Beaj approche des côtes Majorquines Soudain, la mer se met à bouillir à quelques encablures !
Les Sternes, Puffins et autres oiseaux de mers plongent allègrement dans ce banc d'Anchois, sans doute rejoints également par des maquereaux.
Porto Colom est un paisible port de pêche. Nous y faisons escale 3 jours, le temps de se ré-approvisionner et d'attendre les vents favorables.
Beaj met le cap vers Siddi Ferruch (Algérie), non loin d'Alger. C'est là que les premiers colons français debarquèrent dans les années 1830.
Nous n'imaginons pas encore les difficultés qui nous attendent.
Le bateau talonne un banc de sable en plein milieu chenal à l'entrée du port ! Le tirant d'eau de Beaj n'est pourtant pas énorme! Un coup de marche arrière et nous nous dégageons. Les infrastructures ne sont pas entretetenues.
Les douanes montent à bord, contrôlent les passeports et font remplir toutes sortes de documents. Ils tiquent sur le téléphone satellite, les GPS, et mon appareil photo Nous prennent ils pour des espions, des journalistes? Savez vous que l'on prend de très bonne photos avec simplement un téléphone portable?

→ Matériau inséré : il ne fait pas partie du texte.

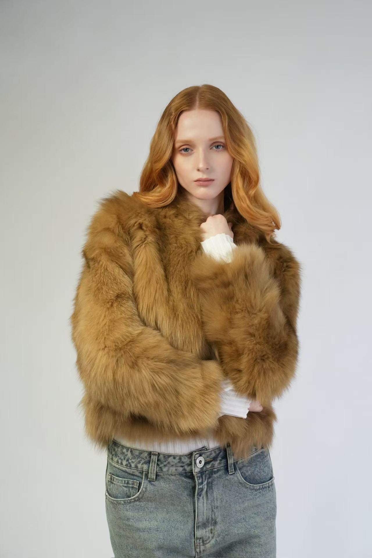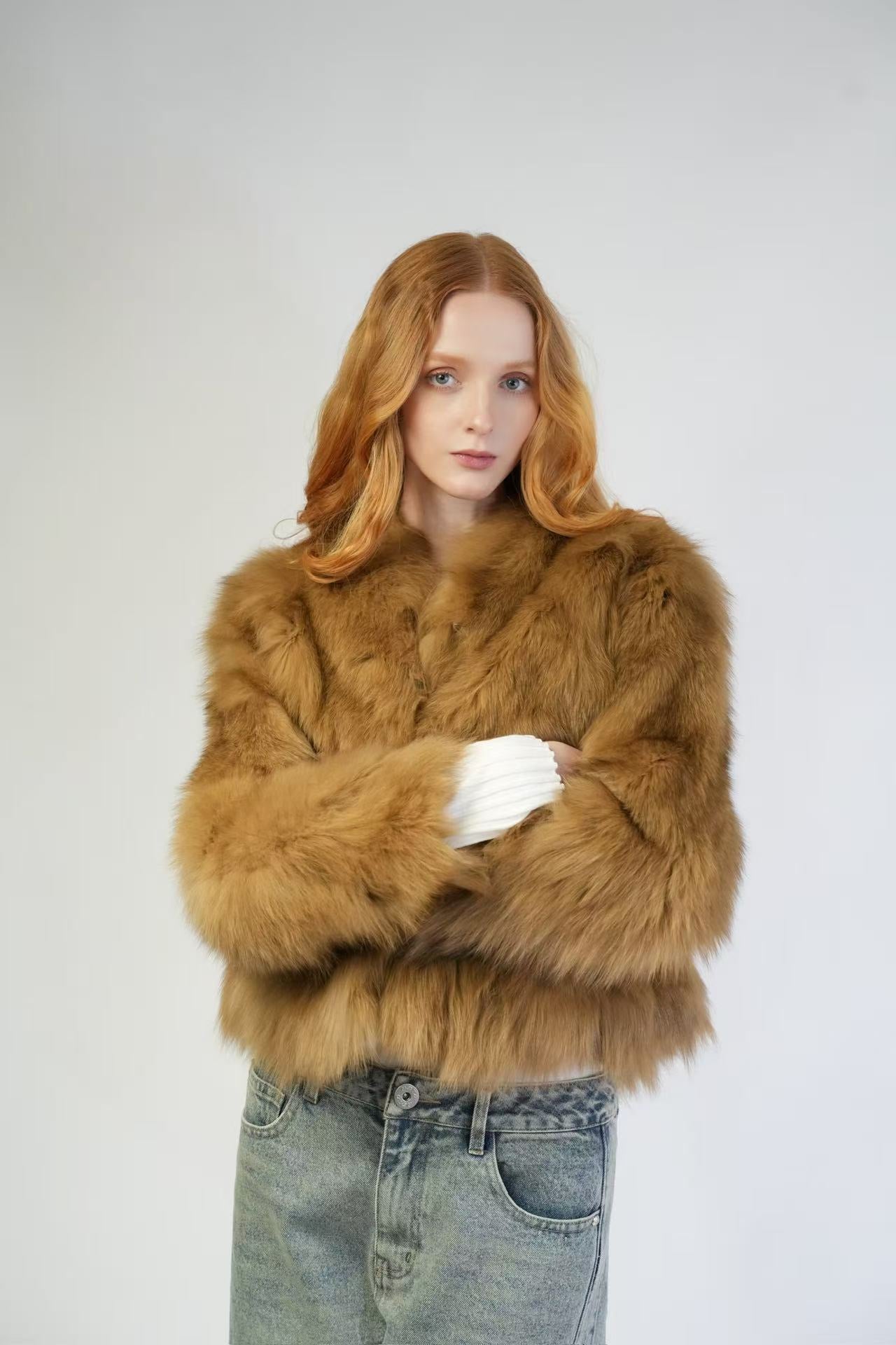 - The short fox fur coat with a frost-tinted color is very eye-catching. The fur is thick and fluffy, giving the overall look a sense of fashion and visual impact, while also featuring the luxurious texture of fur.
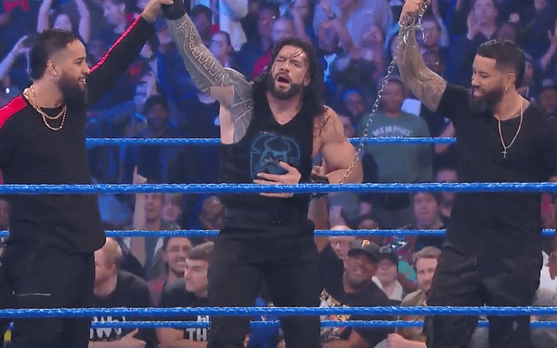 Roman Reigns found himself in a bad situation during the closing moments of SmackDown. The Fiend took out his tag team partner Daniel Bryan and it appeared King Corbin and Dolph Ziggler were going to feed him dog food once again.

Et que celui-ci a un récepteur GPS?
Ensuite les informations contradictoires se succèdent. "Vous aurez un laissez passer pour visiter la casba Alger", "Vous ne pouvez pas débarquer". En fait les garde côtes, police des frontières etc ne savent pas quoi faire de nous et palabrent longuement. Nous finissons par comprendre que nous sommes cantonnés au quai avec interdiction d'en sortir! Ils gardent de plus les passeports!
Il faut d'âpres négociations pour pouvoir aller au restaurant. Nos déplacements sont entravés même dans l'enceinte portuaire, ce qui est contraire au droit maritime, qui garantit l'approvisionnement des bateaux de passage.
Tout est compliqué.
- Nous partons demain matin, je veux refaire le plein de gasoil.
- msieur, fais le plein demain alors inchallalh
- espèce de bougre de .... je veux le faire tout de suite.
1h pour négocier l'accès à la pompe. Inutile de dire que le quai attenant est ensablé et que les bateaux ne peuvent y accoster.
Il est frappant de constater que les douaniers et police des frontières se ressemblent partout dans le monde: (parfois) corrompu, (souvent) l'air bête et sûr de soi.
Vient ensuite le temps de faire le plein d'eau.
Je vais chercher 40l à un tuyau et y revient pour continuer. Mais le policier m'arrête :
- Msieur c'est tout pour aujourd'hui
Cette fois je me mets vraiment en colère:
- C 'est le droit maritime, vous devez nous laisser l'accès à l'enceinte portuaire!
Je lui montre l'extrait du texte sur le site du ministère des affaires étrangères "cas particuliers des plaisanciers arrivant par la mer" Cet imbécile me regarde incrédule mais ne change pas d'avis.
Je me fâche tout rouge et leur montre que j'appelle l'ambassade sur le champ. La menace porte et je vais pouvoir remplir les outres d'eau. Ce qui ne m'empêche pas d'être outré.
A Tipaza, une autre tentative d'accostage n'est pas plus fructueuse. Après 2h d'intenses palabres:
- bienvenue messieurs, mais vous ne pouvez pas débarquer.
Par deux fois, des vedettes des garde côtes nous rejoignent et fouillent le bateau.
Les îles Habibas (près d'Oran) sont un refuge, un sanctuaire exploré par Cousteau en 1977. Nous sommes malheureusement a nouveau talonnés par une vedette des garde côtes, qui entreprennent une manoeuvre plus qu'hasardeuse pour aborder Beaj. Réveiller des marins pendant la sieste ne se fait pas, le ton monte.
Voilà désormais l'aviation qui débarque! Des avions de chasse font plusieurs passages à basse altitude !
Nous comptions jeter l'ancre aux îles pour la nuit, mais vu les ennuis avec les autorités nous mettons le cap vers Melilla (enclave espagnole au Maroc).
Il faut plus encore plus de 2 jours et 2 nuits de navigation pour y parvenir
Le timing pour aborder l'Algérie n'était sans doute pas le bon. Les manifestations se succèdent à Alger pour maintenir la pression sur la clique des généraux au pouvoir. Ils accaparent la grande majorité des (immenses) ressources du pays et n'ont pas du tout l'air décidé à abandonner leurs privilèges.
La tension dans l'air est palpable.
Nous profitons d'un nième contrôle pour acheter des poissons à des pècheurs (qui s'excusent platement pour les tracasseries causées par leurs autorités).